■ What the exercise asks: For every line below, restate it exactly and drop the images.

■ Material provided:
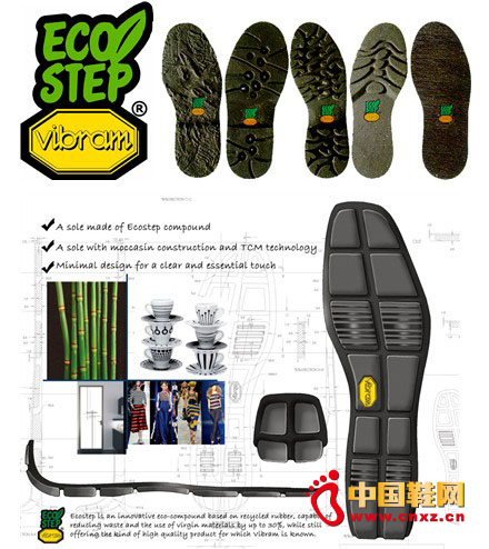 VIBRAM?在1994年推出VIBRAM? EcoStep配方,在这个方向迈出了。VIBRAM?已经成为使用环保/再生材料的先行者。VIBRAM? ECOSTEP包括至少30%再生橡胶,VIBRAM? ECOSTEP+中的再生橡胶成份达到50%。两种产品都保持了与现有VIBRAM?产品相同的质量水平。VIBRAM?在随后几年将其环保努力延伸到EVA产品。现在, EVA中底Flash的10%是再生EVA。 VIBRAM?正在着力使用全天然(可再生和无油)配方、可生物降解TPU和橡胶合成配方以及可再生的PU和TPU产品。 另外,VIBRAM?北美生产站点支持循环政策,并且已经开发出供100%再生橡胶为基础的地板应用的全系列的“绿色”产品。
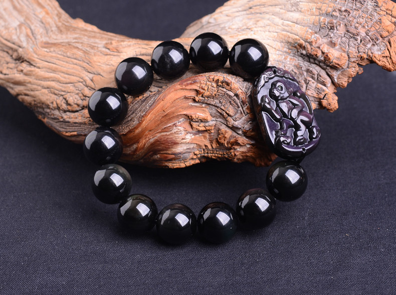 开光巳申太极姻缘手串黑曜石属猴八宝旺申手链如意寿桃男女
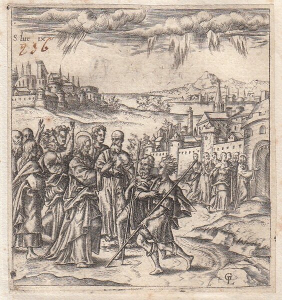 Stampa antica Old print Bulino L. Gaultier Luca IX Gesù guarisce un epilettico 1576-80

■ Response for this exercise:
 VIBRAM?在1994年推出VIBRAM? EcoStep配方,在这个方向迈出了。VIBRAM?已经成为使用环保/再生材料的先行者。VIBRAM? ECOSTEP包括至少30%再生橡胶,VIBRAM? ECOSTEP+中的再生橡胶成份达到50%。两种产品都保持了与现有VIBRAM?产品相同的质量水平。VIBRAM?在随后几年将其环保努力延伸到EVA产品。现在, EVA中底Flash的10%是再生EVA。 VIBRAM?正在着力使用全天然(可再生和无油)配方、可生物降解TPU和橡胶合成配方以及可再生的PU和TPU产品。 另外,VIBRAM?北美生产站点支持循环政策,并且已经开发出供100%再生橡胶为基础的地板应用的全系列的“绿色”产品。
 开光巳申太极姻缘手串黑曜石属猴八宝旺申手链如意寿桃男女
 Stampa antica Old print Bulino L. Gaultier Luca IX Gesù guarisce un epilettico 1576-80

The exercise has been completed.